What you have to do: Copy exactly the lines of the records below, and only those lines, beginning with the line that contains "The menu features" and ending with the line that contains "Si necesitas renovar".

Task material:
-----

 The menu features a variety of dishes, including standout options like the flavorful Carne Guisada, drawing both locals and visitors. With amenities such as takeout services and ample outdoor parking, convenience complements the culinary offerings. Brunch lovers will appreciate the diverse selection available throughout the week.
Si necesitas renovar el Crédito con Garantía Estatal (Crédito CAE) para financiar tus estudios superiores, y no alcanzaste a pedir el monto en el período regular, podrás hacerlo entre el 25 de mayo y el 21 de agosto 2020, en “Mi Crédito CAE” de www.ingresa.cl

-----

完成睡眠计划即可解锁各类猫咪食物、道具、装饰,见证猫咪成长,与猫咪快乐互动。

-----

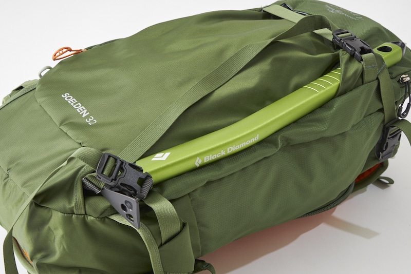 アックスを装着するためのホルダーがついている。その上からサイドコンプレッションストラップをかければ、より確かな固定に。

-----

Solution to the problem:
 The menu features a variety of dishes, including standout options like the flavorful Carne Guisada, drawing both locals and visitors. With amenities such as takeout services and ample outdoor parking, convenience complements the culinary offerings. Brunch lovers will appreciate the diverse selection available throughout the week.
Si necesitas renovar el Crédito con Garantía Estatal (Crédito CAE) para financiar tus estudios superiores, y no alcanzaste a pedir el monto en el período regular, podrás hacerlo entre el 25 de mayo y el 21 de agosto 2020, en “Mi Crédito CAE” de www.ingresa.cl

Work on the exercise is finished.